Using a single DSP48E2 Slice to infer three 48-bit inputs adder

Hi All,
I have nine 8-bit values that I want to add using the dsp slices.
As an example I tried this code from the Xilinx answer records(https://www.xilinx.com/support/answers/66429.html).
I want to implement the second approach: "Two of the inputs are free to come from any source and one input comes from an internal DSP48 feedback signal as in a MAC."
But after synthesis even the original verilog code is inferring 2 DSP slices.
Am I interpreting things wrong or is there any bug in the code?
I created this VHDL equivalent of the Verilog code from Xilinx.

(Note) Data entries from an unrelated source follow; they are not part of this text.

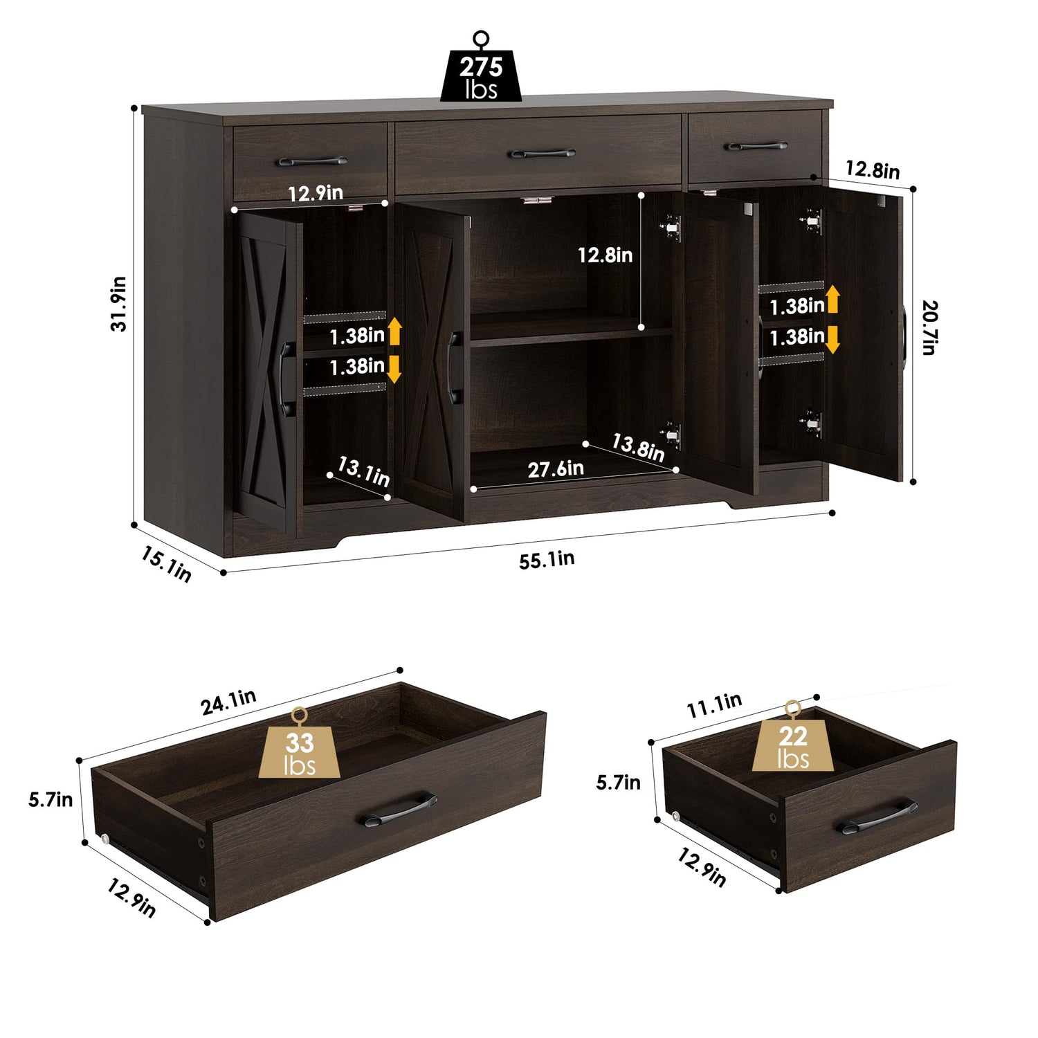 - ใ๐๐ซ๐๐๐ญ๐๐ ๐๐จ ๐๐๐ฌ๐ญใMade of high-quality manufactured wood and smooth-gliding rails in exquisite workmanship, this kitchen buffet with drawers boasts reliable stability and durability to withstand everyday use. Overall size: 15.1"D x 55"W x 31.9"H. Weight Capacity: 300 lbs
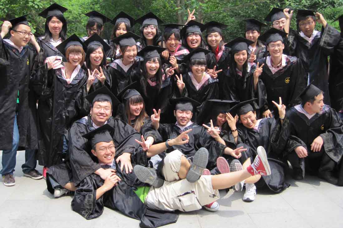 2010年6月9日上午9时,在这阳光明媚的六月天,经管学院即将毕业的大四学生在礼堂门口合影留念。
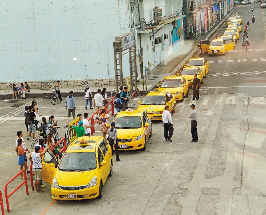 高雄港香蕉、漁人碼頭的排班計程車,最近傳出對郵輪旅客亂開價。(記者謝龍田/攝影)

library IEEE; use IEEE.STD_LOGIC_1164.ALL; use IEEE.NUMERIC_STD.ALL; entity tri_adr is GENERIC( CONSTANT SIZEIN : NATURAL := 48; -- Input size CONSTANT SIZEOUT : NATURAL := 48 -- Output size ); PORT( clk : in STD_LOGIC; -- Clock resetn_glb : in STD_LOGIC; -- Global Reset from the Zynq PS resetn_lc : in STD_LOGIC; -- Local Reset if necessary operand_i1 : in STD_LOGIC_VECTOR (SIZEIN-1 downto 0); -- 1st input to dsp operand_i2 : in STD_LOGIC_VECTOR (SIZEIN-1 downto 0); -- 2nd input to dsp operand_i3 : in STD_LOGIC_VECTOR (SIZEIN-1 downto 0); -- 3nd input to dsp avg_out : out STD_LOGIC_VECTOR (SIZEOUT-1 downto 0) -- Averged output ); attribute USE_DSP : string; attribute USE_DSP of tri_adr: entity is "YES"; end ENTITY; architecture behav of tri_adr is signal a : std_logic_vector (26 downto 0); signal b : std_logic_vector (17 downto 0); signal pcout : std_logic_vector (SIZEOUT-1 downto 0); signal avg_t : std_logic_vector (SIZEOUT-1 downto 0); begin avg:PROCESS (clk) --check every clk begin if rising_edge(clk) then if resetn_glb = '0' then --negative assert avg_t <= (OTHERS => '0'); pcout <= (OTHERS => '0'); else pcout <= std_logic_vector((signed(a) * signed(b)) + signed(operand_i1)); avg_t <= std_logic_vector(signed(pcout) + signed(operand_i2) + signed(operand_i3)); -- avg_t <= std_logic_vector(signed(operand_i1) + signed(operand_i2) + signed(operand_i3)); end if; end if; end PROCESS; -- Output result avg_out <= avg_t; end behav;
I will be adding three 8-bit numbers using one DSP slice and create a cascaded adder logic to do addittion of all nine values.
Thanks in advance.
Best regards

I think it is because it is a signed MUL and may exceed the limit of one DSP.